• Data records
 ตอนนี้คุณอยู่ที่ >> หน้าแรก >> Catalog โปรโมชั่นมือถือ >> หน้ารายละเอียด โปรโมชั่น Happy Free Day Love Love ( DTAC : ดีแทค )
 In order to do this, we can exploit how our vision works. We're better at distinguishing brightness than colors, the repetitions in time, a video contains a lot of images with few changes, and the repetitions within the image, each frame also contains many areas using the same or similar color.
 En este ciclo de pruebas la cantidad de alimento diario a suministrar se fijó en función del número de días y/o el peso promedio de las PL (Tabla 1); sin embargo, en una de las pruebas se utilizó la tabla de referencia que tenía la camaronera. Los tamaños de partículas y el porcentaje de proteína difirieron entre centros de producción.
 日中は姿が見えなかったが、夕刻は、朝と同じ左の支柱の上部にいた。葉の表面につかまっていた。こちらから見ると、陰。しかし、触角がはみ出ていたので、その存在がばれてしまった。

==

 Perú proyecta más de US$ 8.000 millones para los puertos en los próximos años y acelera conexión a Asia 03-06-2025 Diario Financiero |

• Directions for this task
Please give back exactly the lines of the listing above that run from the one containing "ตอนนี้คุณอยู่ที่ >> หน้าแรก" through the one containing "In order to", and only those.

• Task result
 ตอนนี้คุณอยู่ที่ >> หน้าแรก >> Catalog โปรโมชั่นมือถือ >> หน้ารายละเอียด โปรโมชั่น Happy Free Day Love Love ( DTAC : ดีแทค )
 In order to do this, we can exploit how our vision works. We're better at distinguishing brightness than colors, the repetitions in time, a video contains a lot of images with few changes, and the repetitions within the image, each frame also contains many areas using the same or similar color.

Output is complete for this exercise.